[Stored data]
######

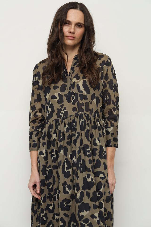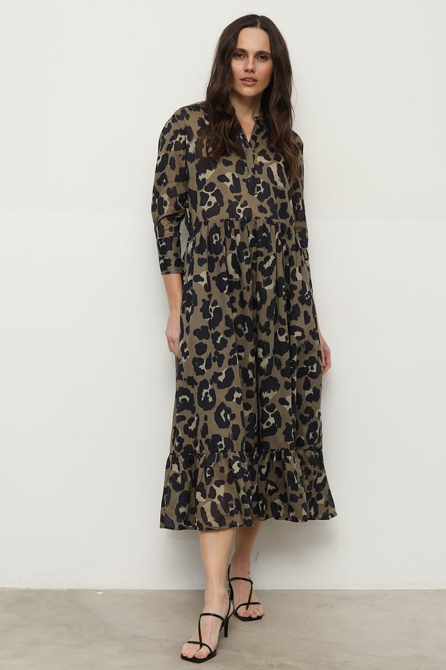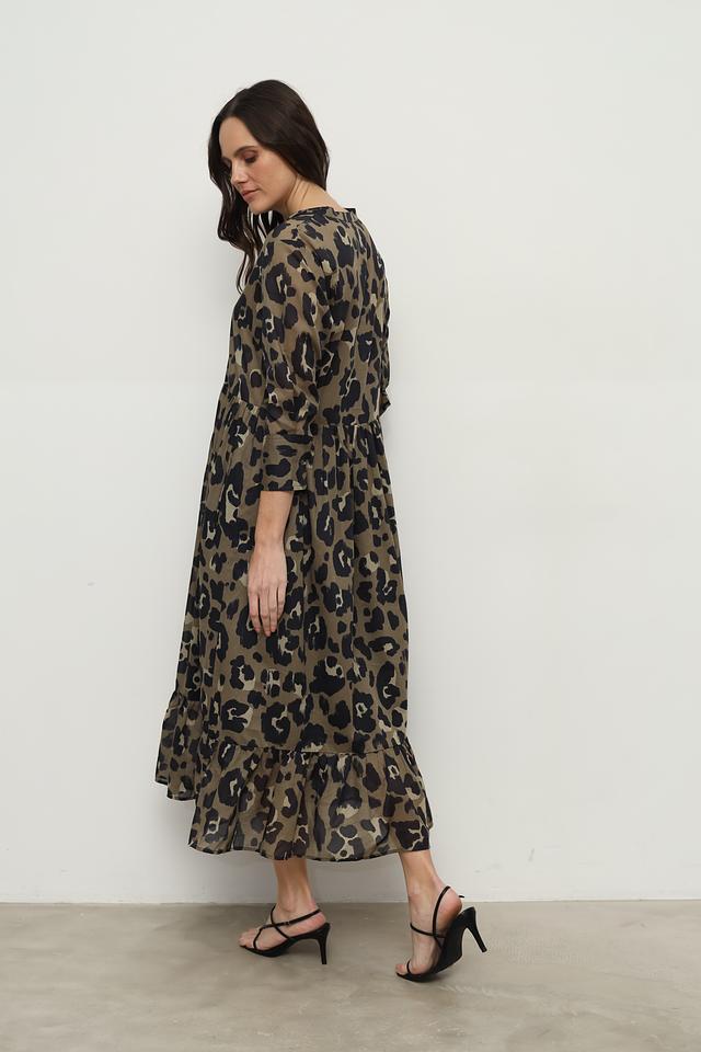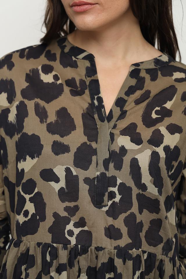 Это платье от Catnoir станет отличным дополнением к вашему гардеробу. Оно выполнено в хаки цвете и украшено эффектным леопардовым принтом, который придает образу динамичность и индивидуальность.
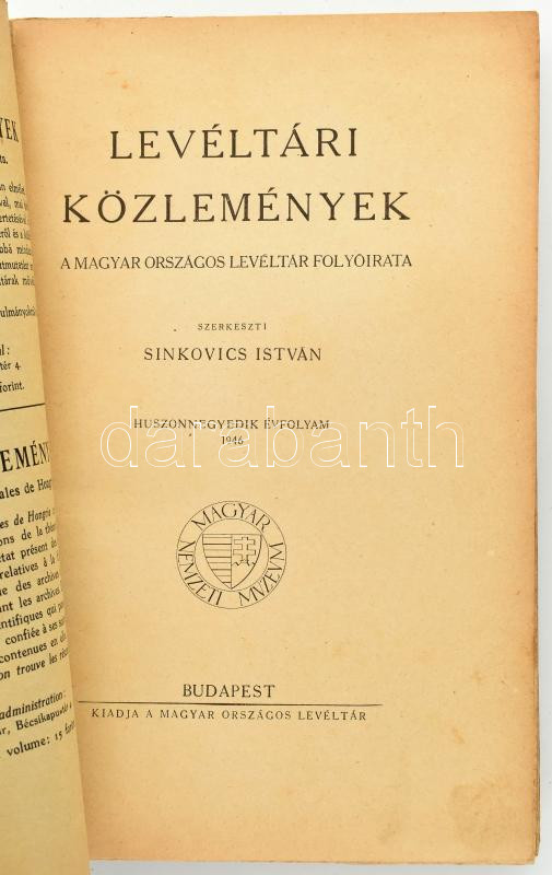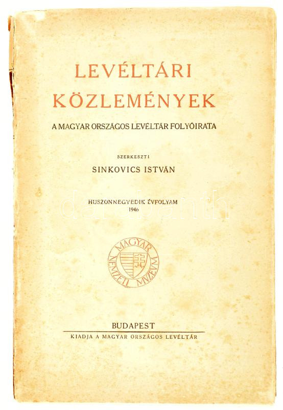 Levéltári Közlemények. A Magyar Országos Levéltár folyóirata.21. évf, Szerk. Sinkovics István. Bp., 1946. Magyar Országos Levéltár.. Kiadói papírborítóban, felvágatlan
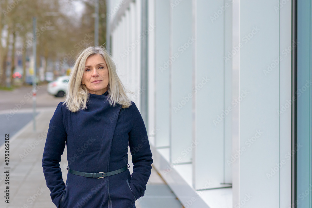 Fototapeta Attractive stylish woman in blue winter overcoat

######

[Work task]
A verbatim transcription of the listing is expected, with no pictures included.

[Solution to the problem]
 Это платье от Catnoir станет отличным дополнением к вашему гардеробу. Оно выполнено в хаки цвете и украшено эффектным леопардовым принтом, который придает образу динамичность и индивидуальность.
 Levéltári Közlemények. A Magyar Országos Levéltár folyóirata.21. évf, Szerk. Sinkovics István. Bp., 1946. Magyar Országos Levéltár.. Kiadói papírborítóban, felvágatlan
 Fototapeta Attractive stylish woman in blue winter overcoat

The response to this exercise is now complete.